*Stored data*:
────────────────────

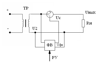 Тиратрон пропускает ток от «+» к «-» («зажигается») только, если на сетке будет положительный потенциал. Далее он ведет себя как вентиль. ФВ – фазовращатель, который позволяет менять фазу от 0 до π.
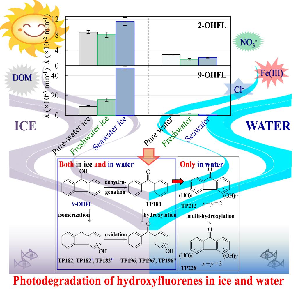 團(tuán)隊(duì)葛林科教授比較研究了新污染物羥基多環(huán)芳烴OH-PAHs在冰中和水中光化學(xué)轉(zhuǎn)化的動(dòng)力學(xué)、主要溶解性物質(zhì)的影響,以及轉(zhuǎn)化產(chǎn)物和路徑,揭示了冰雪環(huán)境光化學(xué)和水環(huán)境光化學(xué)的異同,這對(duì)于準(zhǔn)確評(píng)價(jià)寒冷環(huán)境中此類新型污染物的歸趨具有重要意義。
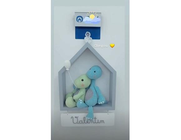 O quarto de Valentin foi feito pela Grão de Gente: a decoração escolhida foi da Coleção Tricot Luxo Branco, com alguns acessórios e almofadas da Coleção Amiguinhos Dino.

────────────────────

*What to produce*: Restate word for word the lines running from the first line of the material to the line containing "團(tuán)隊(duì)葛", inclusive, and drop every picture.

*Result*:
 Тиратрон пропускает ток от «+» к «-» («зажигается») только, если на сетке будет положительный потенциал. Далее он ведет себя как вентиль. ФВ – фазовращатель, который позволяет менять фазу от 0 до π.
 團(tuán)隊(duì)葛林科教授比較研究了新污染物羥基多環(huán)芳烴OH-PAHs在冰中和水中光化學(xué)轉(zhuǎn)化的動(dòng)力學(xué)、主要溶解性物質(zhì)的影響,以及轉(zhuǎn)化產(chǎn)物和路徑,揭示了冰雪環(huán)境光化學(xué)和水環(huán)境光化學(xué)的異同,這對(duì)于準(zhǔn)確評(píng)價(jià)寒冷環(huán)境中此類新型污染物的歸趨具有重要意義。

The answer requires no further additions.